**AIM OF THE TASK**. Omit the pictures and return every entry exactly as written.
START PROVIDED MATERIAL
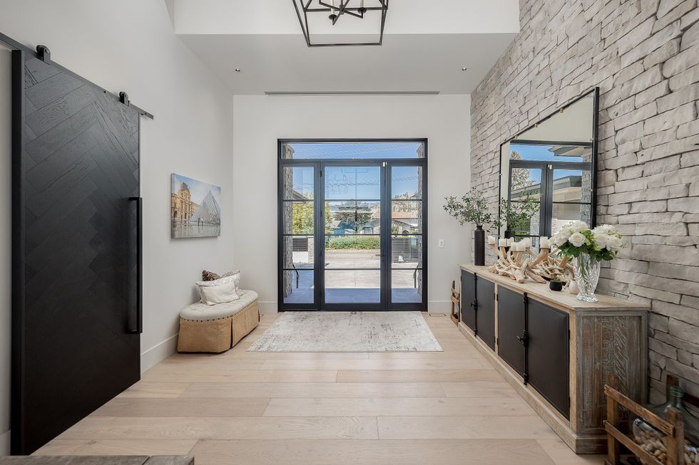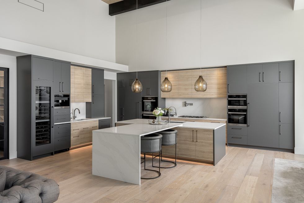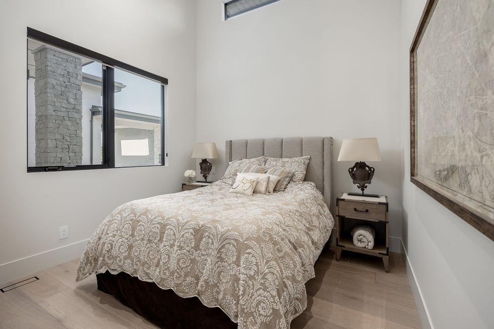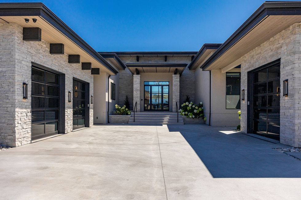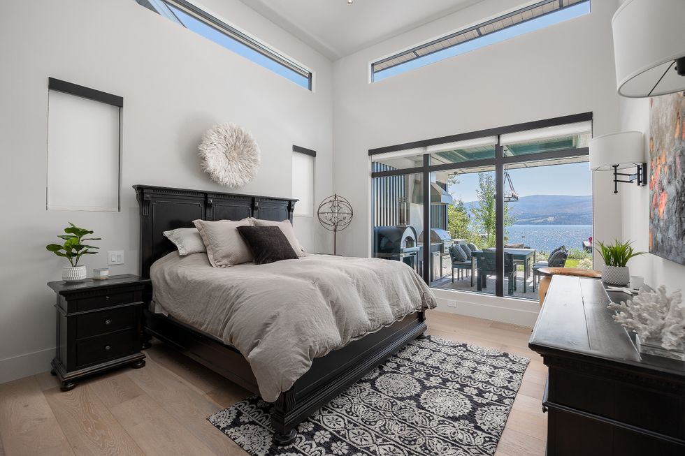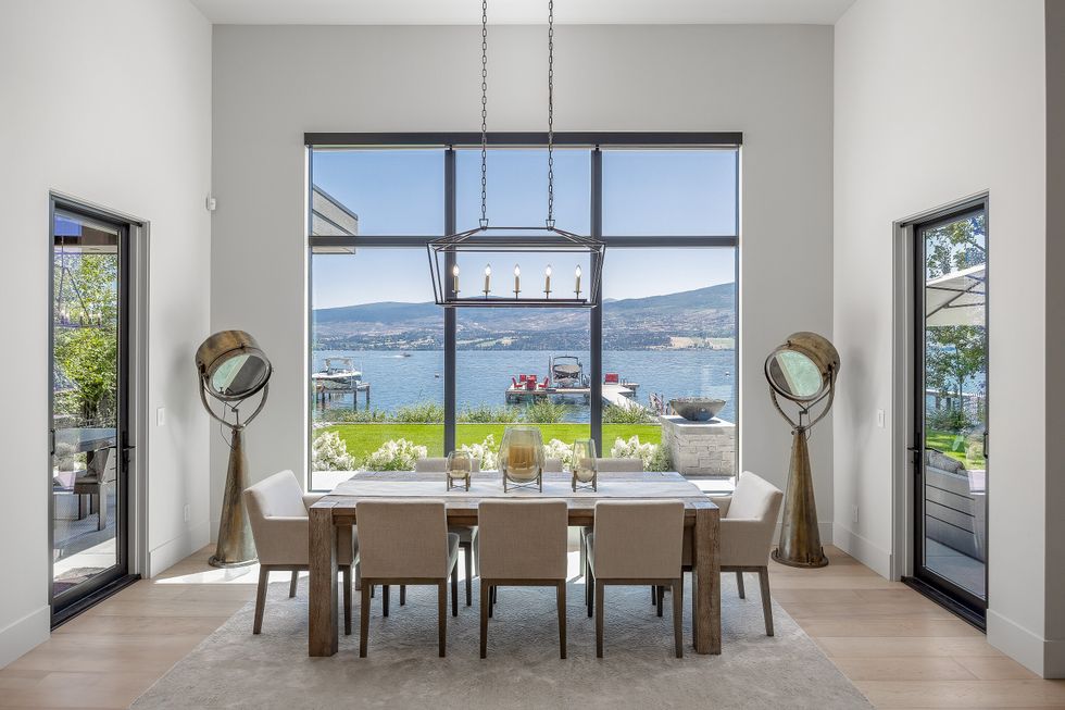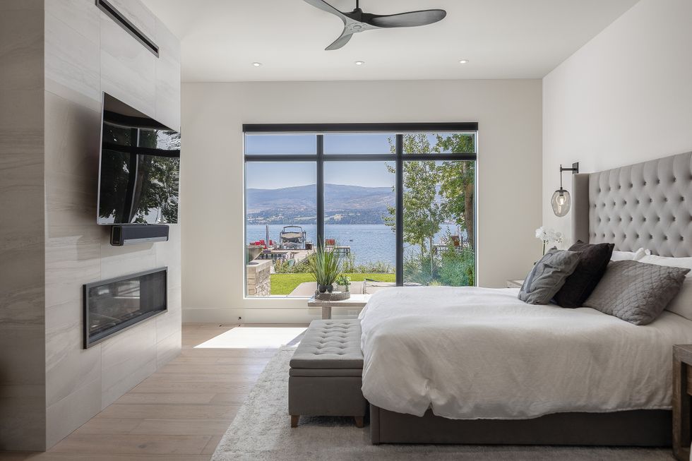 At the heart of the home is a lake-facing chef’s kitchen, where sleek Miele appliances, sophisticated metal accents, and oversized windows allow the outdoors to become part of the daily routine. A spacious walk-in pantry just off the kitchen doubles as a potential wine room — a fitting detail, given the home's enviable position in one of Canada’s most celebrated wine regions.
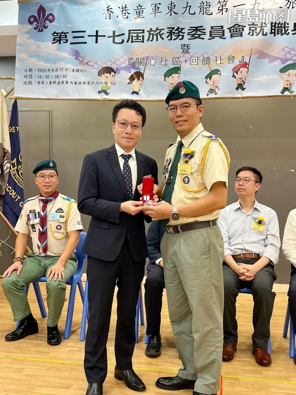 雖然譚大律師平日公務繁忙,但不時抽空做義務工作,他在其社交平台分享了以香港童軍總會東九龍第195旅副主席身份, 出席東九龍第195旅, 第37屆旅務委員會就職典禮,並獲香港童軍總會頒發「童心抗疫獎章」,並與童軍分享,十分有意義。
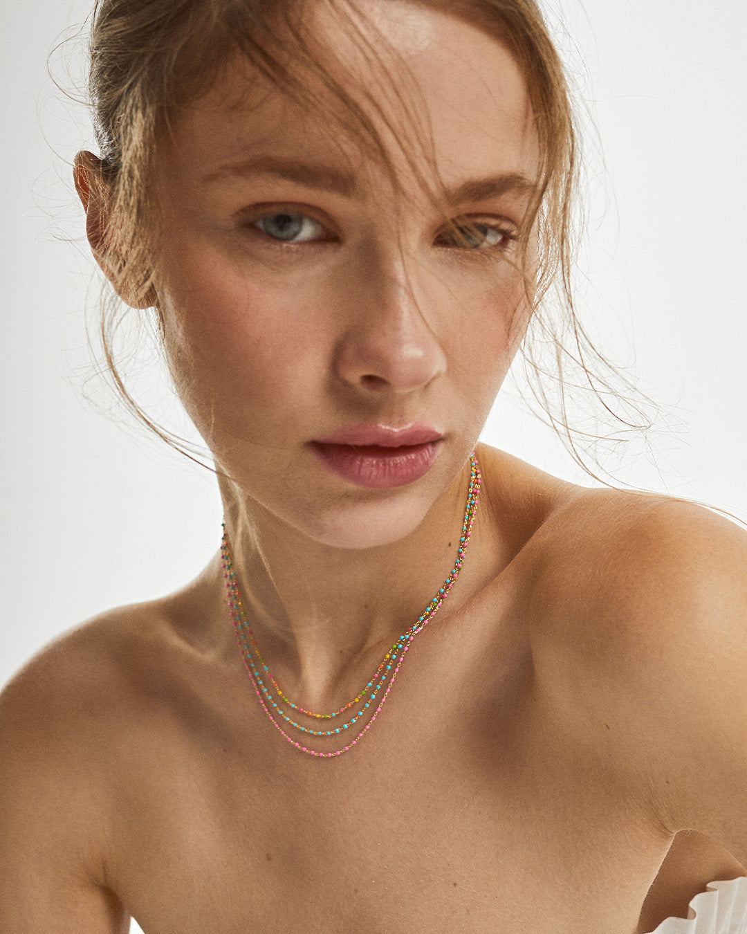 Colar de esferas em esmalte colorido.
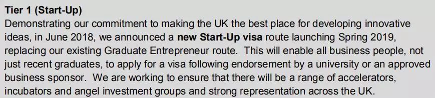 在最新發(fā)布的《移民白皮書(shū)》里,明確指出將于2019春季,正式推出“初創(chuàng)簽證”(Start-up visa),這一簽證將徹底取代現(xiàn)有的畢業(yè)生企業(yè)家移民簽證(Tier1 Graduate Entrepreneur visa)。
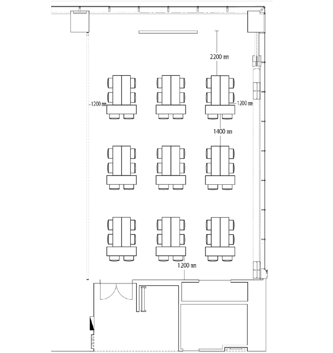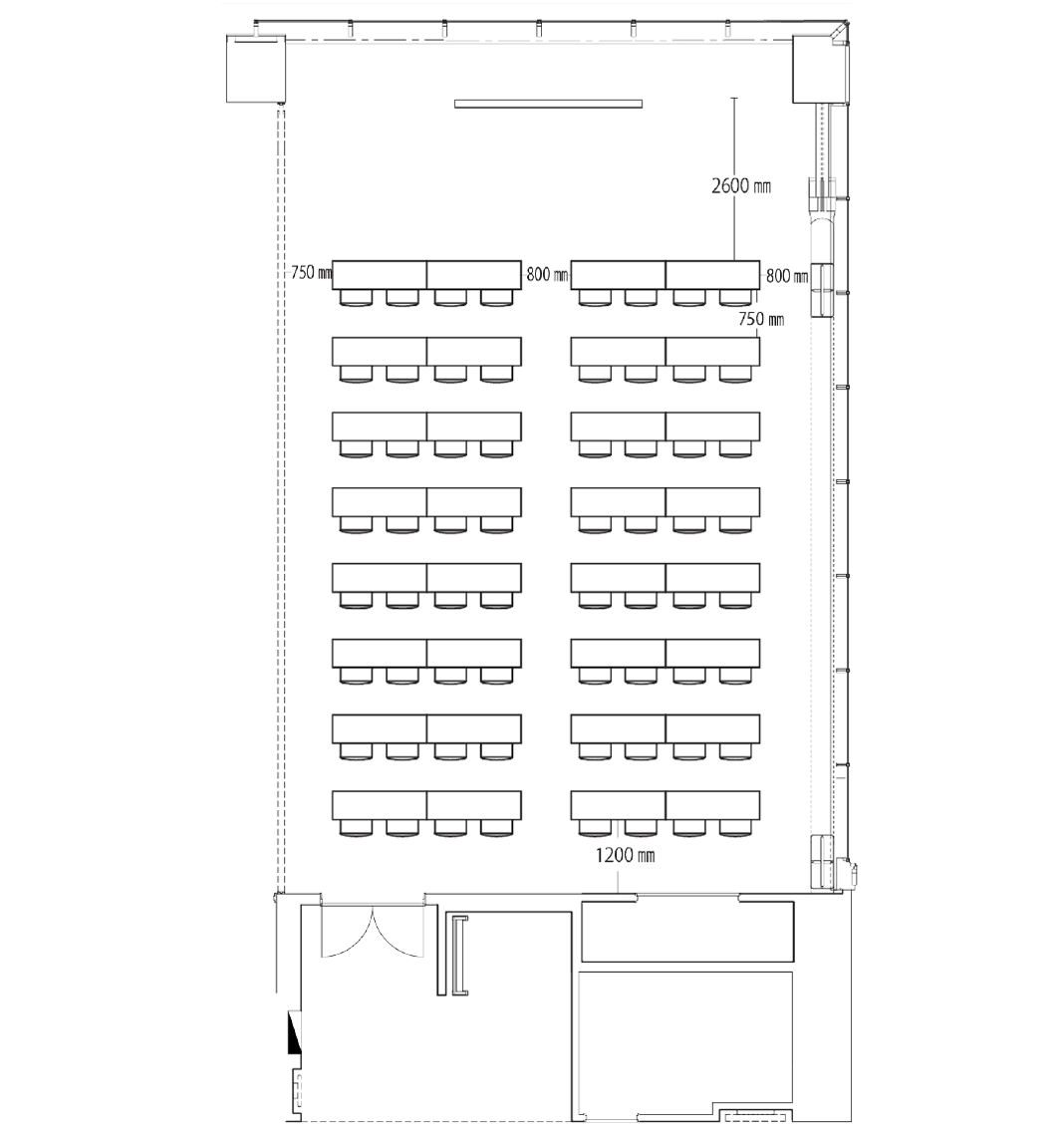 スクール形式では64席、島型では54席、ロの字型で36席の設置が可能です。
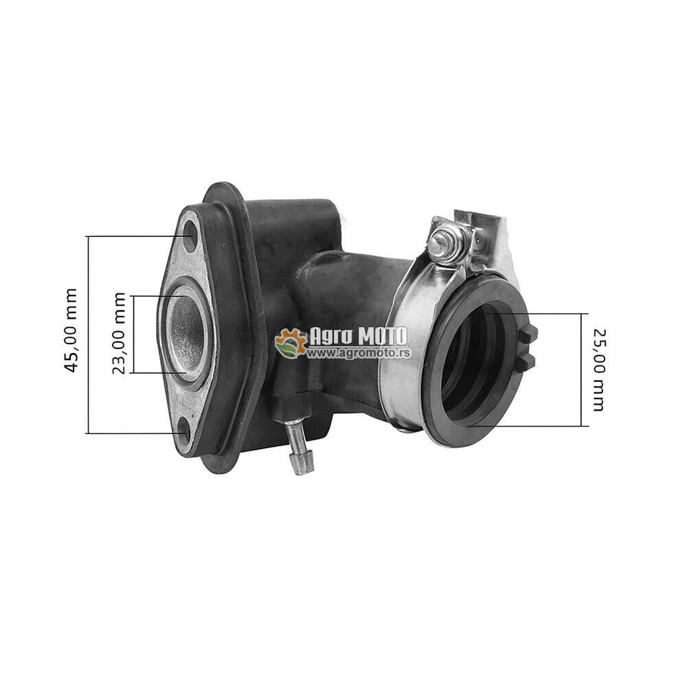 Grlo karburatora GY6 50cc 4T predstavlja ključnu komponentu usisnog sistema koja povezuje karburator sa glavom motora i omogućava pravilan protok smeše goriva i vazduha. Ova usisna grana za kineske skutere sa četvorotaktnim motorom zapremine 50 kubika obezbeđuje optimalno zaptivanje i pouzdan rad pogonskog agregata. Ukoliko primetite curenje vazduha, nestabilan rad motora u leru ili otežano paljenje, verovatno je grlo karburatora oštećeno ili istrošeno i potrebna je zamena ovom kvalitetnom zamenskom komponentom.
END PROVIDED MATERIAL
**EXERCISE SOLUTION**.
 At the heart of the home is a lake-facing chef’s kitchen, where sleek Miele appliances, sophisticated metal accents, and oversized windows allow the outdoors to become part of the daily routine. A spacious walk-in pantry just off the kitchen doubles as a potential wine room — a fitting detail, given the home's enviable position in one of Canada’s most celebrated wine regions.
 雖然譚大律師平日公務繁忙,但不時抽空做義務工作,他在其社交平台分享了以香港童軍總會東九龍第195旅副主席身份, 出席東九龍第195旅, 第37屆旅務委員會就職典禮,並獲香港童軍總會頒發「童心抗疫獎章」,並與童軍分享,十分有意義。
 Colar de esferas em esmalte colorido.
 在最新發(fā)布的《移民白皮書(shū)》里,明確指出將于2019春季,正式推出“初創(chuàng)簽證”(Start-up visa),這一簽證將徹底取代現(xiàn)有的畢業(yè)生企業(yè)家移民簽證(Tier1 Graduate Entrepreneur visa)。
 スクール形式では64席、島型では54席、ロの字型で36席の設置が可能です。
 Grlo karburatora GY6 50cc 4T predstavlja ključnu komponentu usisnog sistema koja povezuje karburator sa glavom motora i omogućava pravilan protok smeše goriva i vazduha. Ova usisna grana za kineske skutere sa četvorotaktnim motorom zapremine 50 kubika obezbeđuje optimalno zaptivanje i pouzdan rad pogonskog agregata. Ukoliko primetite curenje vazduha, nestabilan rad motora u leru ili otežano paljenje, verovatno je grlo karburatora oštećeno ili istrošeno i potrebna je zamena ovom kvalitetnom zamenskom komponentom.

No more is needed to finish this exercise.